Nothing but the lines from the first line of the records below to the line holding "下面我们将发布的是由中国高校" belongs in the answer, copied exactly and without pictures.

Segment Start: Data extract

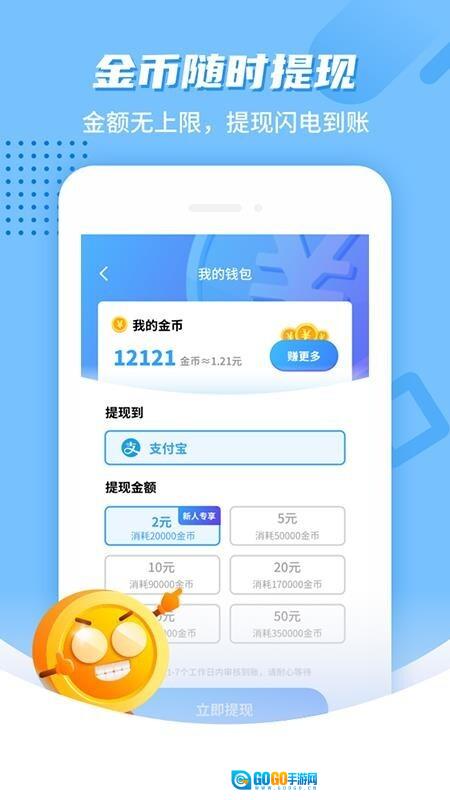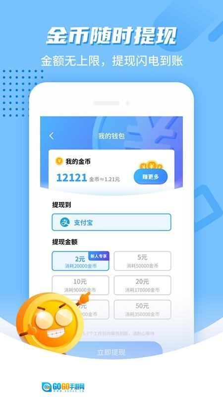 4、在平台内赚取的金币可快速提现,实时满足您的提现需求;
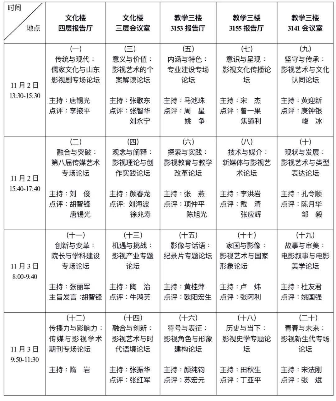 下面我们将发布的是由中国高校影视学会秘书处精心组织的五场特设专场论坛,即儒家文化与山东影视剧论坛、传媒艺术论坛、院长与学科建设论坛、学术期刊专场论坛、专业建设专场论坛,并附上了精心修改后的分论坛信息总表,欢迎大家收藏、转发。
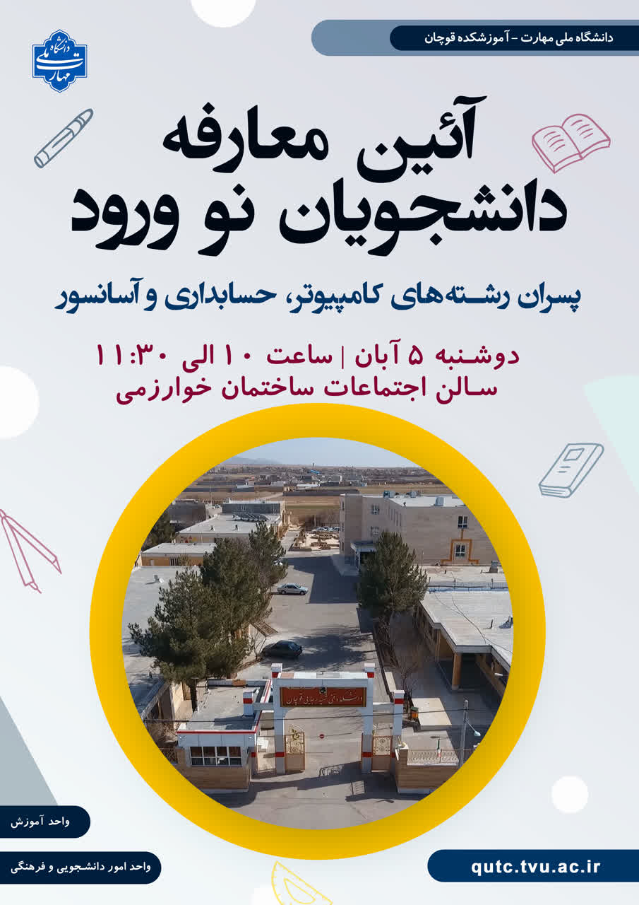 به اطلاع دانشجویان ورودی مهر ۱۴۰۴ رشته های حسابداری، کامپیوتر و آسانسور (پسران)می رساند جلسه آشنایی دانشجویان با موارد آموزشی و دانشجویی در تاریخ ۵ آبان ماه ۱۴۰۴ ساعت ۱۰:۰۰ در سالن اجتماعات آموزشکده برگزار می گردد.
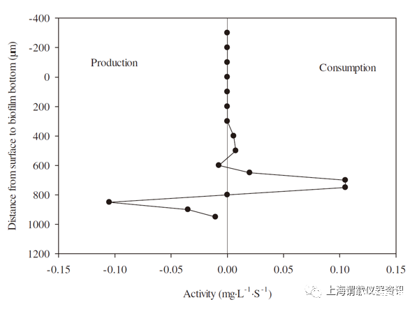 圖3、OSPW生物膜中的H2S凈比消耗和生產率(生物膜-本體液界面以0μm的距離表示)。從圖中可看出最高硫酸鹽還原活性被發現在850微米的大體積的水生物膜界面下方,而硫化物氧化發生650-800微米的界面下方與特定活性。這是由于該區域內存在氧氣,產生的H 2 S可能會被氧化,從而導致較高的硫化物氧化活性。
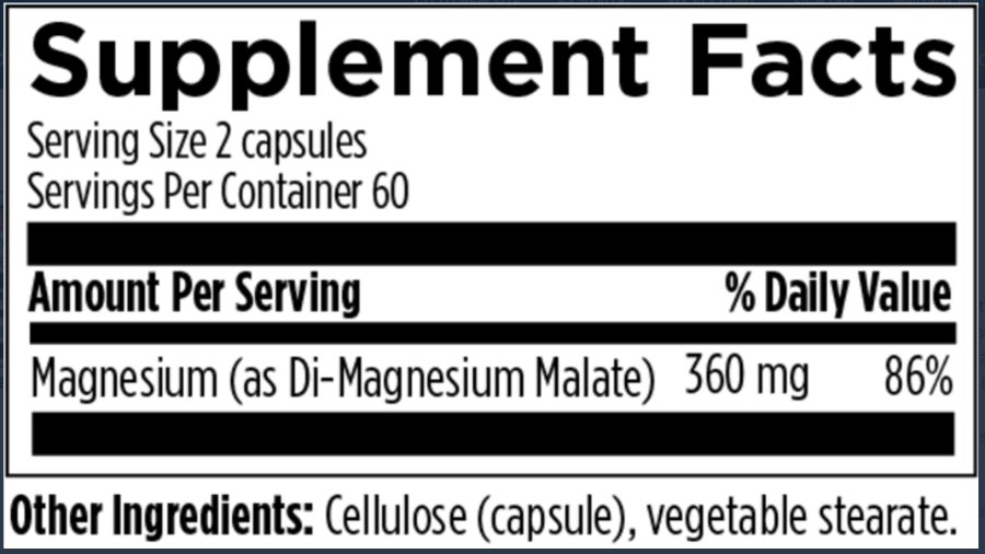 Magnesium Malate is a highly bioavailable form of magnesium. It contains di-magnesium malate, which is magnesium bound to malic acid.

Segment End: Data extract

_Answer to the problem:_
 4、在平台内赚取的金币可快速提现,实时满足您的提现需求;
 下面我们将发布的是由中国高校影视学会秘书处精心组织的五场特设专场论坛,即儒家文化与山东影视剧论坛、传媒艺术论坛、院长与学科建设论坛、学术期刊专场论坛、专业建设专场论坛,并附上了精心修改后的分论坛信息总表,欢迎大家收藏、转发。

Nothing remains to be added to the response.